Também derrubou lei municipal que proibia o sacrifício em cultos religiosos. A maioria dos desembargadores concluiu que a norma da cidade de Cotia (SP) restringia a prática religiosa. Ainda com base na liberdade de crença, o colegiado reconheceu que municípios podem estender a isenção de IPTU para donos de imóveis que têm templos religiosos como inquilinos.

Ainda há controvérsia sobre a cassação de aposentadoria de servidores punidos. A aposentadoria pode ser entendida como ato jurídico perfeito e acabado, não podendo ser desfeito, por ter caráter contributivo. Renato Sartorelli, por exemplo, mudou de entendimento e reconheceu que a pena de cassação de aposentadoria permite à administração pública responsabilizar o servidor por ilícito administrativo de natureza grave praticado quando ainda estava em atividade, o que resulta em demissão.

O entendimento anterior de que a cassação da aposentadoria não mais se compatibiliza com a Constituição Federal desde a entrada em vigor das Emendas Constitucionais 3/1993, 20/1998 e 41/2003, que deram nova natureza ao sistema previdenciário dos servidores públicos, passando este a ter caráter contributivo/retributivo, era capitaneado, no Órgão Especial, pelo ex-presidente Paulo Dimas Mascaretti e tem entre seus adeptos João Negrini Filho, Carlos Bueno, Sérgio Rui, Salles Rossi, Antonio Carlos Malheiros e Péricles Piza.
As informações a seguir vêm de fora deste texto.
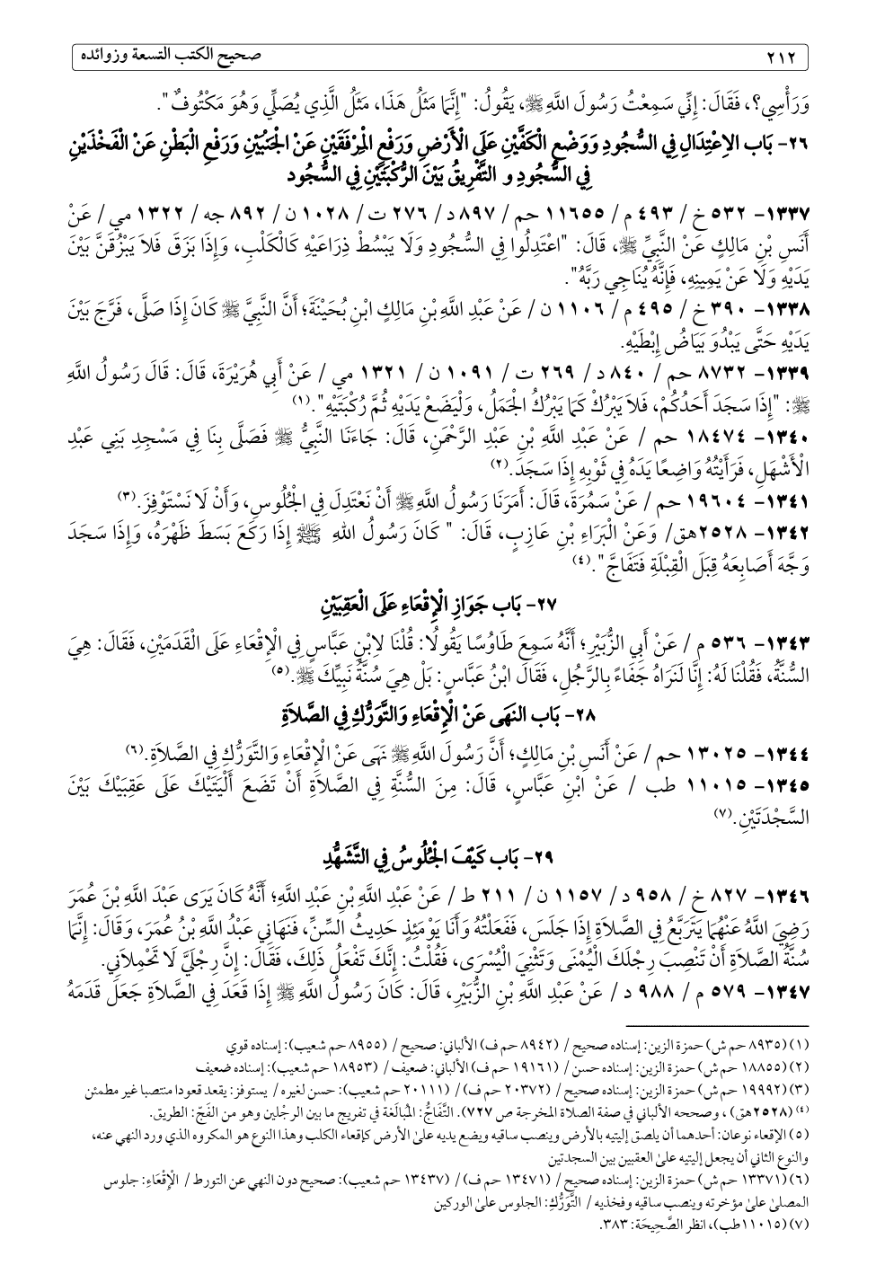 (¬٦) (١٣٣٧١ حم ش) حمزة الزين: إسناده صحيح / (١٣٤٧١ حم ف) / (١٣٤٣٧ حم شعيب): صحيح دون النهي عن التورط / الْإِقْعَاءِ: جلوس المصلى على مؤخرته وينصب ساقيه وفخذيه / التَّوَرُّكِ: الجلوس على الوركين

Renato Sartorelli também esclareceu o alcance de decisões do Órgão Especial sobre inconstitucionalidade em ações de controle concentrado: mesmo que um dispositivo seja derrubado com eficácia ex tunc (desde o início), o impacto em processos anteriores não é automático. Assim, o fato de o colegiado ter derrubado o chamado “prêmio incentivo” a servidores de Ribeirão Preto que nunca faltavam ao trabalho não significa que a prefeitura possa deixar de pagar gratificações reconhecidas em ações já julgadas. Para questionar o repasse, deve apresentar recurso próprio, impugnar cumprimento de sentença ou ajuizar ação rescisória.

O Órgão Especial também declarou inconstitucional dispositivo da norma que fixou o teto do INSS para servidores do estado de São Paulo (hoje em R$ 5,5 mil) e criou previdência complementar para quem quiser renda extra. A Lei 14.653/2011 fixou a mudança para os funcionários contratados a partir da publicação do texto, em dezembro de 2011, mas os critérios do novo sistema só foram divulgados depois.

Por maioria de votos, um ano depois de iniciado o julgamento, a decisão impacta significativo número de servidores, inclusive juízes, membros do Ministério Público, defensores públicos e professores de universidades estaduais. Na prática, o Tribunal de Justiça de São Paulo reconheceu que o marco inicial do regime varia conforme o prazo em que diferentes instituições estaduais assinaram convênio com a SP-Prevcom, entidade criada para gerir o fundo. À época corregedor-geral da Justiça, Manoel Pereira Calças, declarou que a previsão a partir de 2011 consistia em “ficção jurídica”. O então presidente da corte, Paulo Dimas Mascaretti, também viu a necessidade de estabelecer segurança a todo o funcionalismo.